Given records section start

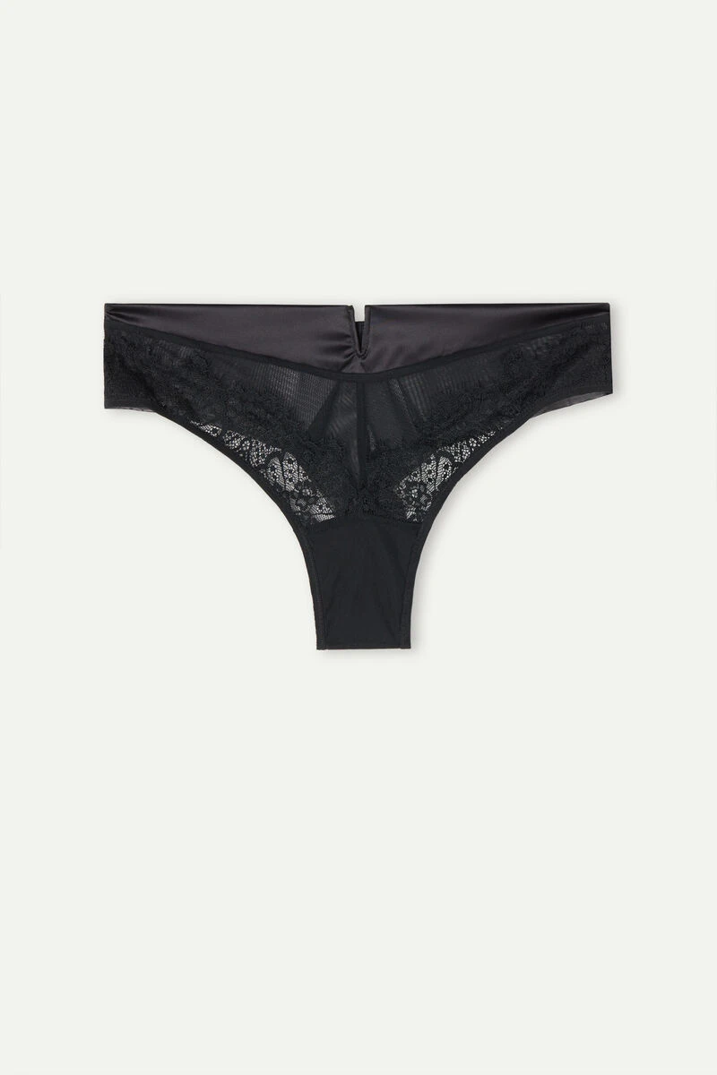 Tulle and lace Brazilian briefs. Elegant satin trim on the front with wire V detail. Seamless double-layer tulle back. 100% cotton gusset.
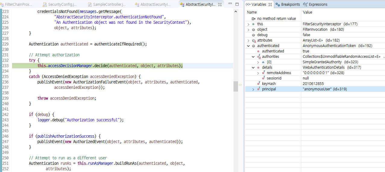 - 해당 Authentication이 특정한 Object에 접근할 때 필요한 ConfigAttributes를 만족하는지 확인한다. ( code 에 설정한 role 확인 )
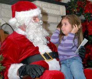 Keywords: Santa Claus visits 15th Sustainment Brigade DVIDS134468.jpg en Lea Heald 3 asks Pfc Rob Floyd Santa Claus and signal support systems specialist A Company 15th Special Troops Battalion 15th Sustainment Brigade for a video game for Christmas at a 15th STB Family Readiness Group Christmas open house event at BLORA Dec 4 2008-12-04 Staff Sgt Matthew Cooley https //www dvidshub net/image/134468 134468 2008-12-08 13 32 FORT HOOD TX US PD-USGov Fort Hood Texas Images from DoD uploaded by Fæ
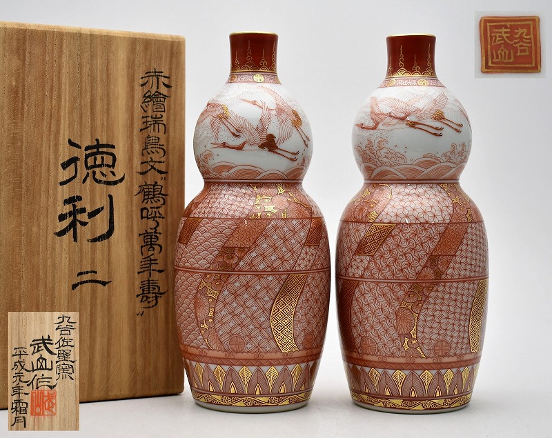 石川県能美市のお客様より出張買取にてご依頼頂き、九谷焼 佐野窯 福島武山 赤絵瑞鳥文 鶴呼萬年寿 酒器 徳利 一対を買取りさせていただきました。
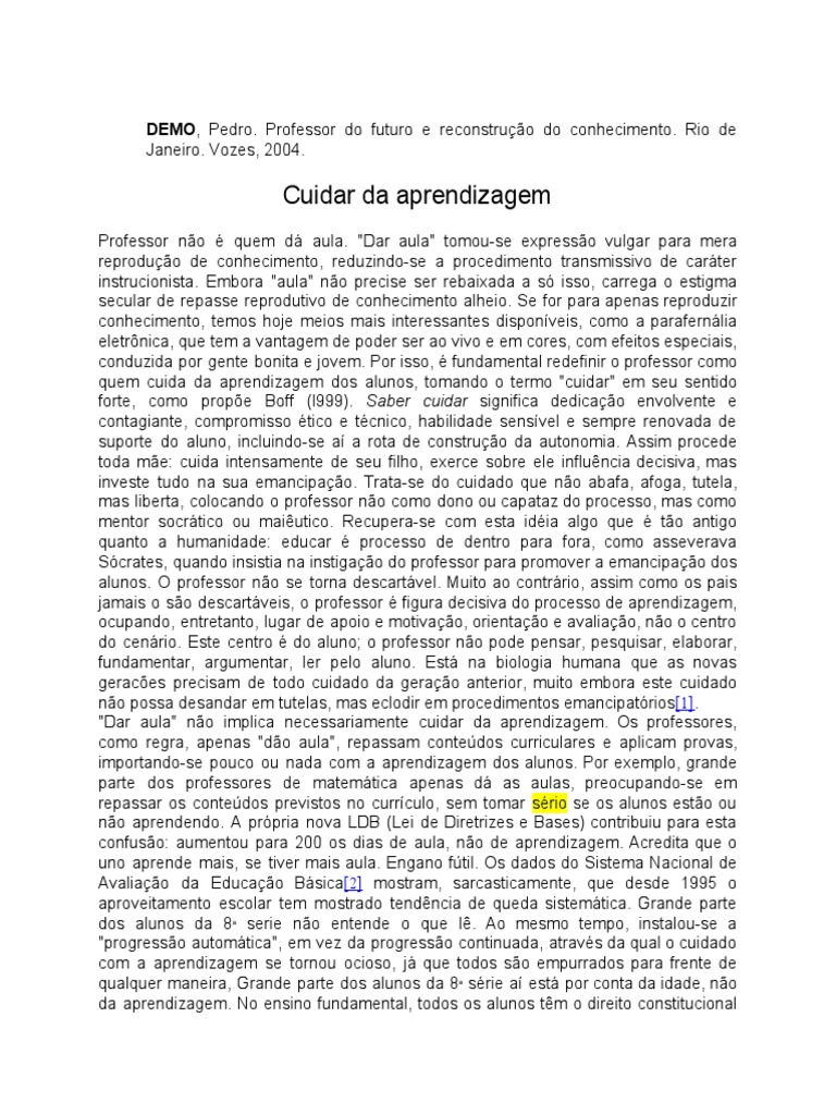 fracasso escolar, mas de garantir o direito de aprender do aluno (Demo, 1998b).
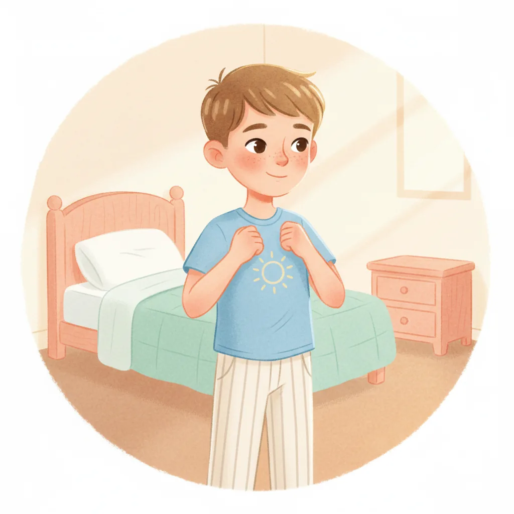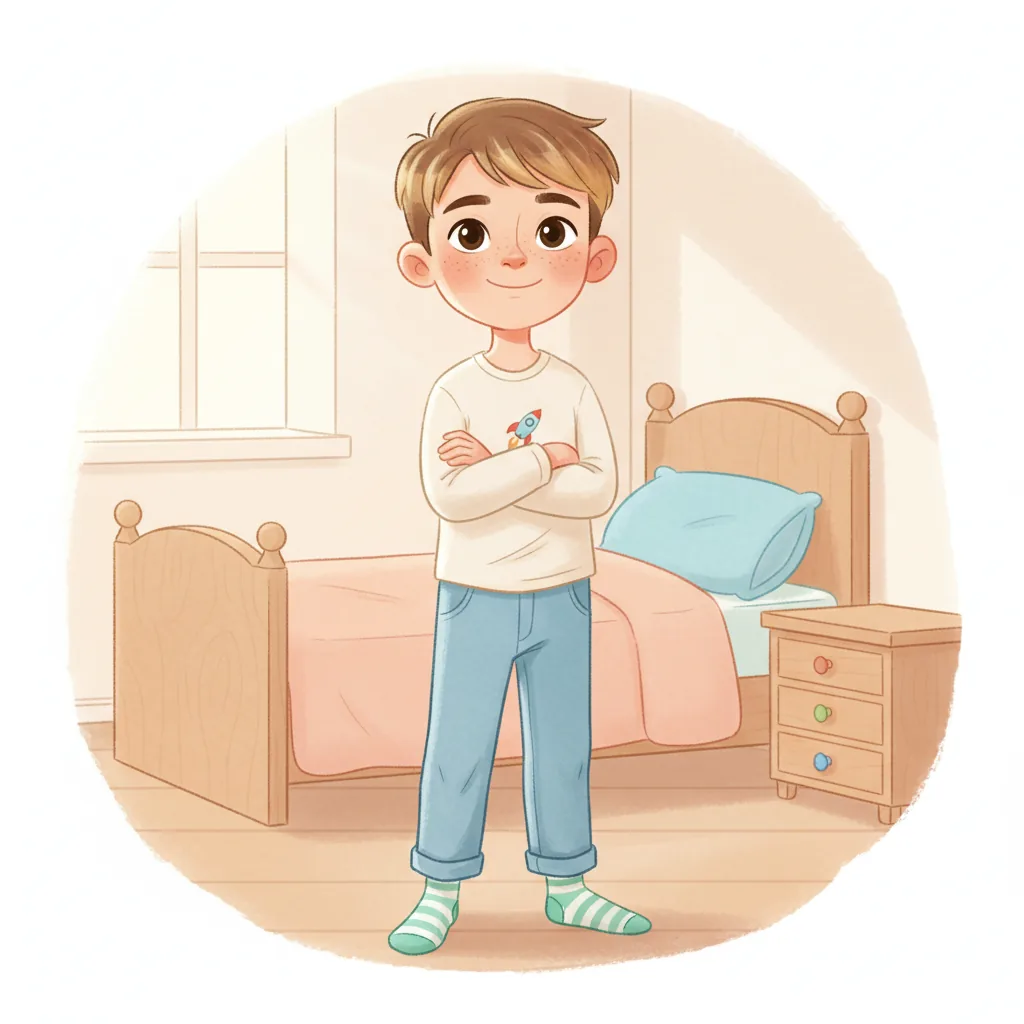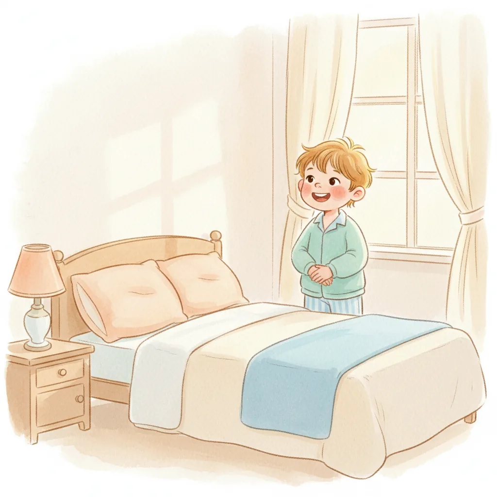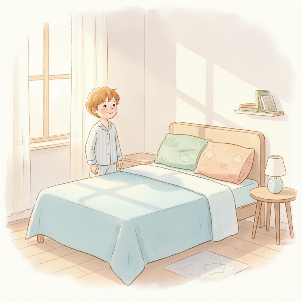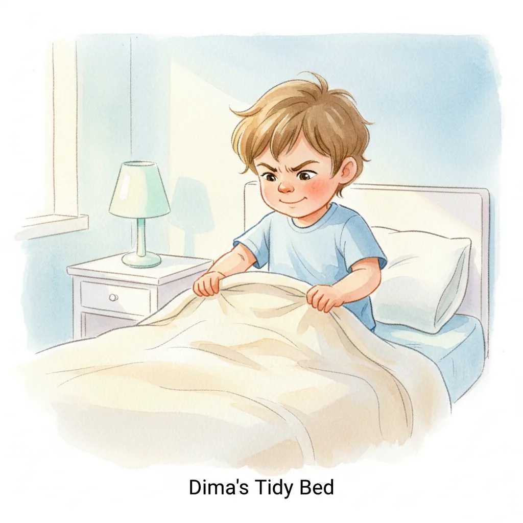 "content": ": Dima's Bedtime Tidy-Up Adventure**\n\n**Scenario 1** \nPretend the child is about to tidy their bed. \nPractice saying, \"I can do this myself!\" — feeling excited and brave. \nEncourage them to start pulling up the sheets and smoothing them out.\n\n**Scenario 2** \nAct out a situation where the child finds their favorite toy or pillow. \nPractice placing it neatly on the bed and saying, \"This makes my bed cozy!\" — feeling proud and happy. \nTalk about how nice it feels to have a tidy bed.\n\n**Scenario 3** \nPretend the child has finished tidying their bed. \nPractice saying, \"Look, my bed is all ready for bedtime!\" — feeling calm and accomplished. \nThey can share a big smile with a parent or friend to show how proud they feel.",
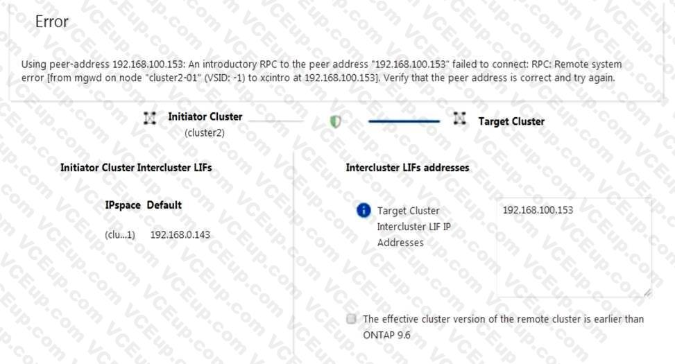 Cluster2 intercluster LIF IP: 192.168.0.143 Subnet: 255.255.255.0 Port: e0e passphrase: netapp1234 Cluster1 intercluster LIF IP: 192.168.0.153 Subnet: 255.255.255.0 Port: e0e passphrase: netapp1234 Referring to the exhibit, which statement is correct?
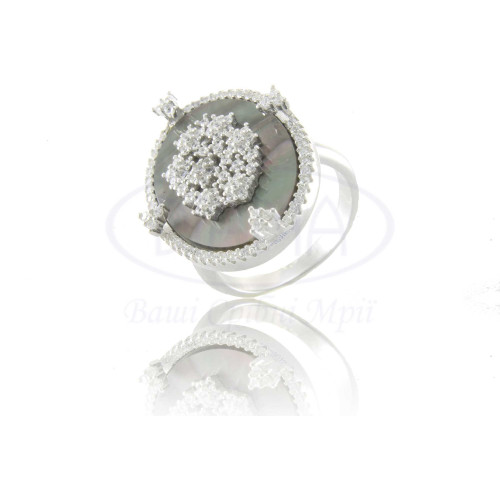 Срібна каблучка з чорним перламутром та білим цирконієм. Срібло 925 проби, покрите родієм. В наборі каблучка, сережки та підвіска.
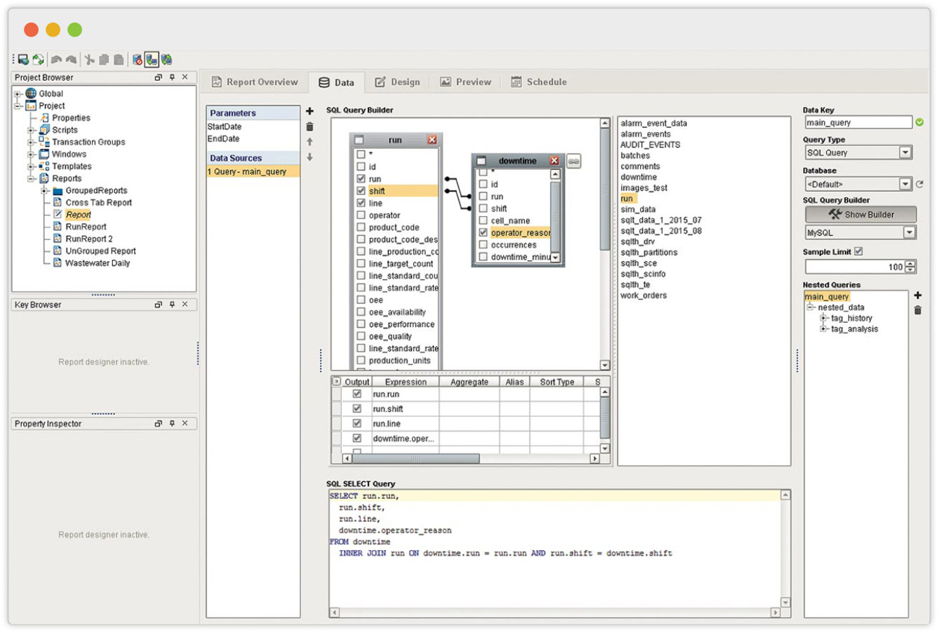 The Reporting Module has a powerful drag-and-drop query interface that allows you to build complex SQL queries easily. The new query structure allows you to create complex nesting which can correlate relational data and process-historian data in a seamless fashion.
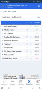 Due squadre in testa in Lega Pro. Nessuna sorpresa per quanto riguarda Magico Mattia, 2 a 1 su Savardina, la sorpresa del momento è sicuramente Gabbrielebbasta di Gabriele Di Martino, a lungo sbeffeggiato all’asta per ogni suo acquisto, ma che al momento comanda la graduatoria. Lukaku, Chiesa e Dimarco firmano l’uno a tre in casa di Ac Ciughine. Prima storica vittoria per Ssc Don Giobbe, Pasalic e Pinamonti premiano Costanzo Sanna in casa del Deportivo Arancino. Prime vittorie in campionato per GCA e Triplete. Gabriele Astarita ringrazia Bonaventura e Osimhen e piega Masterchef. Leonardo Gargiulo batte La Guardia, ancora fermo a zero, con Leao ed Immobile. Trasferta in casa di Masterchef per Magico Mattia.
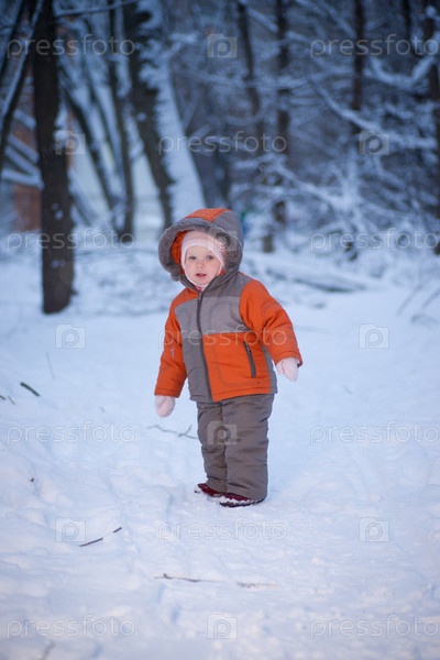 Маленький ребенок в парке зимой
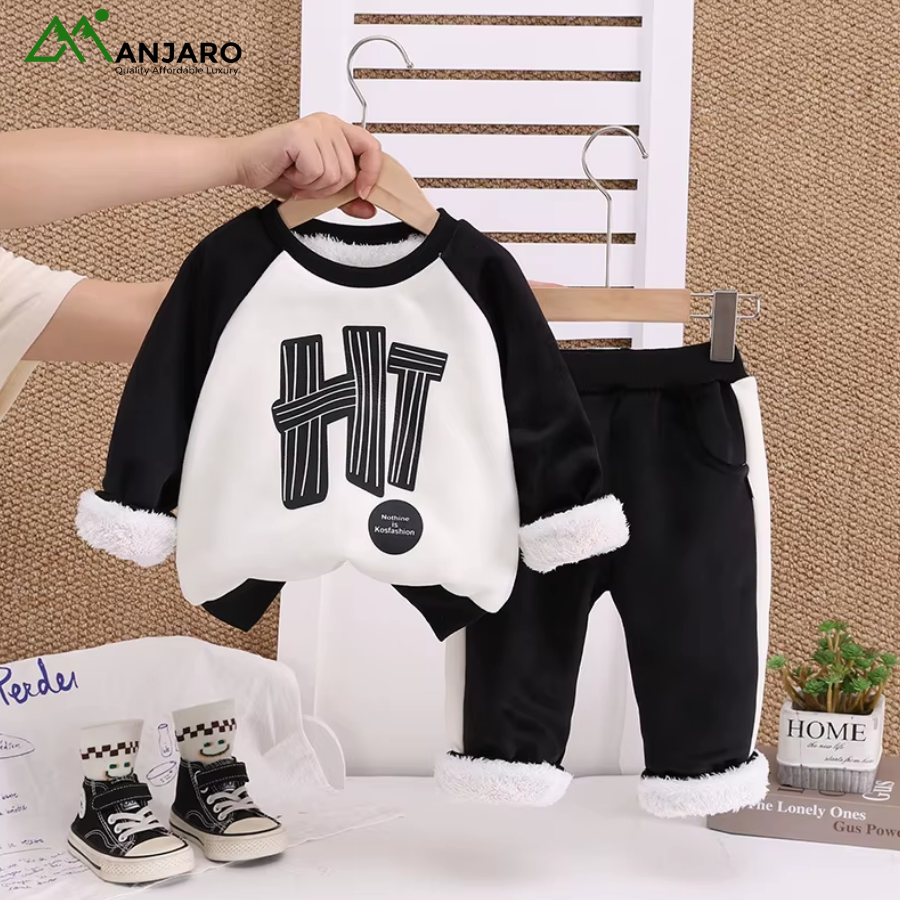 Made from high-quality polyester with a denim-effect fabric base, the set is soft on the skin while offering strong resistance to cold and outdoor activity. Its casual sport-inspired look makes it ideal for school, outings, and active days spent outdoors. Designed to give toddlers and young boys the freedom to move confidently, this outfit is both practical and stylish for winter.
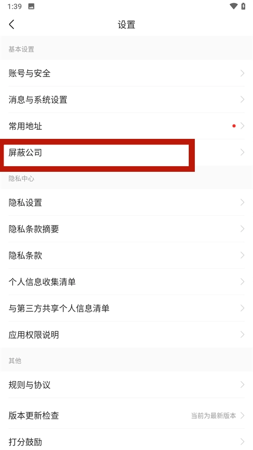 2、进入“设置”以后点击“屏蔽公司”一项;
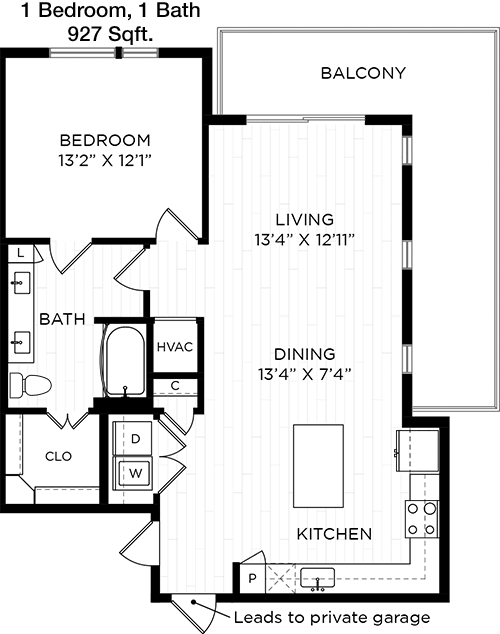 Floor Plan 1x1 - 636 Sqft
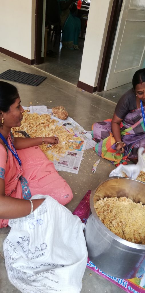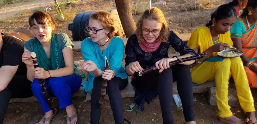 Als das Pongal fertig servierfertig war, wurden Teller verteilt und jeder bekam eine dicke Portion davon. Nach dem Aufräumen wurden dann noch die Zuckerrohre klein geschnitten und verteilt. Wir haben dann auch wie die Nagetiere immer ein Stück abgebissen, den Saft rausgekaut und die Holzfasern ausgespuckt.
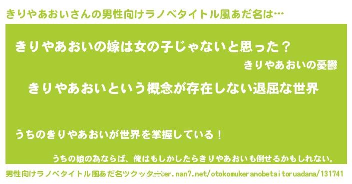 | 女子向けラノベタイトル風あだ名 | 『異世界で失敗しない100のきりやあおい』 |

Given records section end

Would you please print out all the records above exactly, minus any pictures?

#### Answer for this exercise
 Tulle and lace Brazilian briefs. Elegant satin trim on the front with wire V detail. Seamless double-layer tulle back. 100% cotton gusset.
 - 해당 Authentication이 특정한 Object에 접근할 때 필요한 ConfigAttributes를 만족하는지 확인한다. ( code 에 설정한 role 확인 )
 Keywords: Santa Claus visits 15th Sustainment Brigade DVIDS134468.jpg en Lea Heald 3 asks Pfc Rob Floyd Santa Claus and signal support systems specialist A Company 15th Special Troops Battalion 15th Sustainment Brigade for a video game for Christmas at a 15th STB Family Readiness Group Christmas open house event at BLORA Dec 4 2008-12-04 Staff Sgt Matthew Cooley https //www dvidshub net/image/134468 134468 2008-12-08 13 32 FORT HOOD TX US PD-USGov Fort Hood Texas Images from DoD uploaded by Fæ
 石川県能美市のお客様より出張買取にてご依頼頂き、九谷焼 佐野窯 福島武山 赤絵瑞鳥文 鶴呼萬年寿 酒器 徳利 一対を買取りさせていただきました。
 fracasso escolar, mas de garantir o direito de aprender do aluno (Demo, 1998b).
 "content": ": Dima's Bedtime Tidy-Up Adventure**\n\n**Scenario 1** \nPretend the child is about to tidy their bed. \nPractice saying, \"I can do this myself!\" — feeling excited and brave. \nEncourage them to start pulling up the sheets and smoothing them out.\n\n**Scenario 2** \nAct out a situation where the child finds their favorite toy or pillow. \nPractice placing it neatly on the bed and saying, \"This makes my bed cozy!\" — feeling proud and happy. \nTalk about how nice it feels to have a tidy bed.\n\n**Scenario 3** \nPretend the child has finished tidying their bed. \nPractice saying, \"Look, my bed is all ready for bedtime!\" — feeling calm and accomplished. \nThey can share a big smile with a parent or friend to show how proud they feel.",
 Cluster2 intercluster LIF IP: 192.168.0.143 Subnet: 255.255.255.0 Port: e0e passphrase: netapp1234 Cluster1 intercluster LIF IP: 192.168.0.153 Subnet: 255.255.255.0 Port: e0e passphrase: netapp1234 Referring to the exhibit, which statement is correct?
 Срібна каблучка з чорним перламутром та білим цирконієм. Срібло 925 проби, покрите родієм. В наборі каблучка, сережки та підвіска.
 The Reporting Module has a powerful drag-and-drop query interface that allows you to build complex SQL queries easily. The new query structure allows you to create complex nesting which can correlate relational data and process-historian data in a seamless fashion.
 Due squadre in testa in Lega Pro. Nessuna sorpresa per quanto riguarda Magico Mattia, 2 a 1 su Savardina, la sorpresa del momento è sicuramente Gabbrielebbasta di Gabriele Di Martino, a lungo sbeffeggiato all’asta per ogni suo acquisto, ma che al momento comanda la graduatoria. Lukaku, Chiesa e Dimarco firmano l’uno a tre in casa di Ac Ciughine. Prima storica vittoria per Ssc Don Giobbe, Pasalic e Pinamonti premiano Costanzo Sanna in casa del Deportivo Arancino. Prime vittorie in campionato per GCA e Triplete. Gabriele Astarita ringrazia Bonaventura e Osimhen e piega Masterchef. Leonardo Gargiulo batte La Guardia, ancora fermo a zero, con Leao ed Immobile. Trasferta in casa di Masterchef per Magico Mattia.
 Маленький ребенок в парке зимой
 Made from high-quality polyester with a denim-effect fabric base, the set is soft on the skin while offering strong resistance to cold and outdoor activity. Its casual sport-inspired look makes it ideal for school, outings, and active days spent outdoors. Designed to give toddlers and young boys the freedom to move confidently, this outfit is both practical and stylish for winter.
 2、进入“设置”以后点击“屏蔽公司”一项;
 Floor Plan 1x1 - 636 Sqft
 Als das Pongal fertig servierfertig war, wurden Teller verteilt und jeder bekam eine dicke Portion davon. Nach dem Aufräumen wurden dann noch die Zuckerrohre klein geschnitten und verteilt. Wir haben dann auch wie die Nagetiere immer ein Stück abgebissen, den Saft rausgekaut und die Holzfasern ausgespuckt.
 | 女子向けラノベタイトル風あだ名 | 『異世界で失敗しない100のきりやあおい』 |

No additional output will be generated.